*350MEMORANDUM**
We affirm the District Court’s denial of the defendant’s motion to suppress. The questions the officer asked the defendant during the initial phase of the traffic stop were reasonably related to the justification for the stop and thus did not violate the Fourth Amendment. See United States v. Perez, 37 F.3d 510, 513 (9th Cir.1994). Under the totality of the circumstances, the officer had a particularized and objective basis for suspecting the defendant was engaged in illegal activity so as to justify the defendant’s further detention awaiting the arrival of a canine unit. See United States v. Arvizu, 534 U.S. 266, 273-74, 122 S.Ct. 744, 151 L.Ed.2d 740 (2002). It is objectively suspicious for a motorist to travel from Tennessee to California to visit a friend for only one day; it is more suspicious for that motorist to make the one-day visit because he (the motorist) is undergoing chemotherapy for a possibly fatal disease; finally, it is even more suspicious for that motorist not to know that friend’s address.
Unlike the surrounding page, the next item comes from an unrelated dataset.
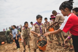 - ชมการจัดการโรงเรียนขนาดเล็กอย่างยั่งยืนด้วยเศรษฐกิจพอเพียง นักเรียนมอบเมล็ดไม้ให้กับสมาคมการบินเพชรบูรณ์ เพื่อเตรียมขึ้นโปรยปลูกป่าต้นน้ำในวันปิด และดาราร่วมเรียนรู้เรื่องเมล็ดไม้

This information, combined with the defendant’s increasingly nervous demeanor during the course of the traffic stop (he began to speak rapidly, stutter, shift his weight, and sweat profusely) and the excessive mileage on the defendant’s past-due rental car, created a “particularized and objective basis” for the officer to suspect that criminal activity was afoot. Id. at 273 (internal quotation marks omitted). Therefore, the defendant’s continued detention did not violate the Fourth Amendment.
AFFIRMED.
This disposition is not appropriate for publication and may not be cited to or by the courts of this circuit except as provided by Ninth Circuit Rule 36-3.